_SUPPLIED MATERIAL_
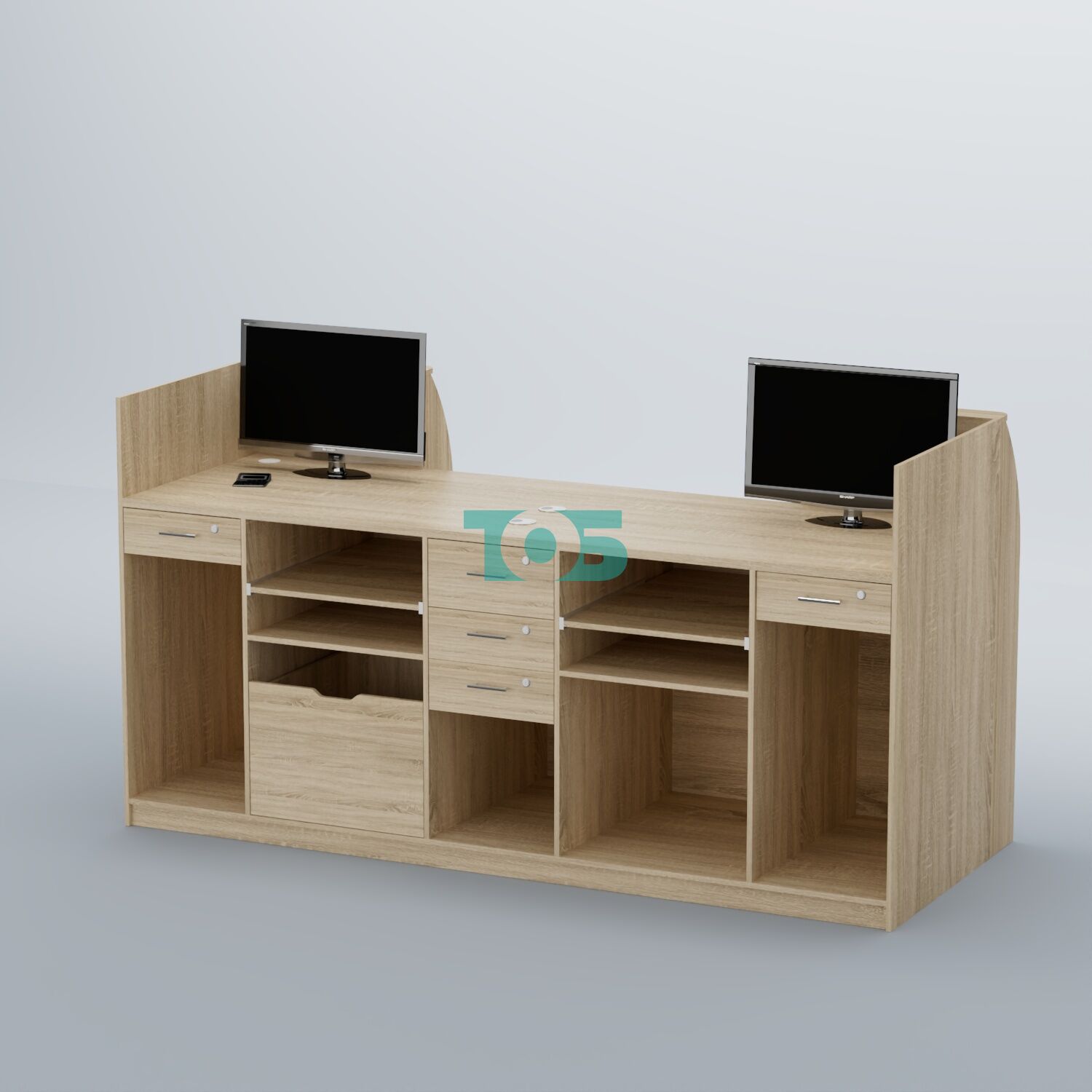 Правый и левый отсек относительно центра ресепшена укомплектован выдвижными полками и одним глубоким выдвижным ящиком.
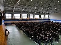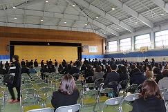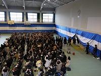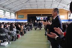 離任される先生方が中央を進み、体育館をあとにしました。「先生方本当にありがとう」の拍手がしばらく鳴り続けました。
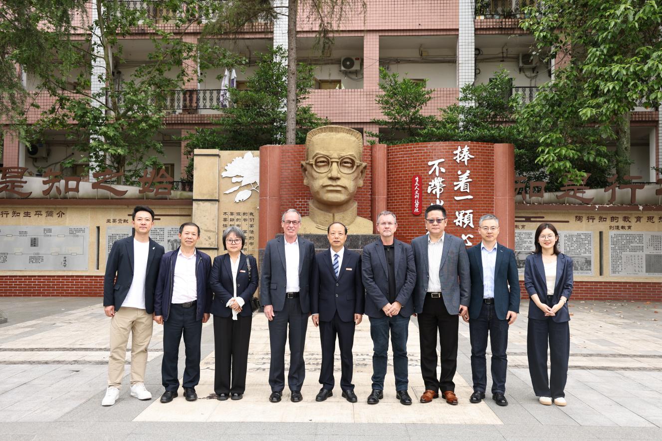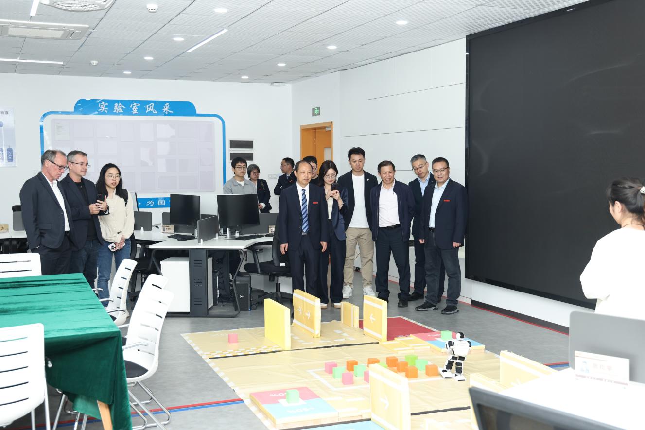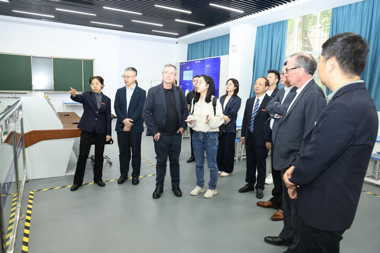 在学校相关负责人陪同下,澳方代表团先后前往行知广场合影留念,实地走访格致楼机电工程学院实验实训室、卓立楼人工智能与信息安全学院实验实训室,近距离参观我校实训硬件设施、实践教学体系与专业建设成果,全面了解工科、人工智能等重点学科办学条件与人才培养模式。

_WHAT YOU SHOULD DO_
Without the pictures, retype the whole of the material above exactly.

_RESULT_
 Правый и левый отсек относительно центра ресепшена укомплектован выдвижными полками и одним глубоким выдвижным ящиком.
 離任される先生方が中央を進み、体育館をあとにしました。「先生方本当にありがとう」の拍手がしばらく鳴り続けました。
 在学校相关负责人陪同下,澳方代表团先后前往行知广场合影留念,实地走访格致楼机电工程学院实验实训室、卓立楼人工智能与信息安全学院实验实训室,近距离参观我校实训硬件设施、实践教学体系与专业建设成果,全面了解工科、人工智能等重点学科办学条件与人才培养模式。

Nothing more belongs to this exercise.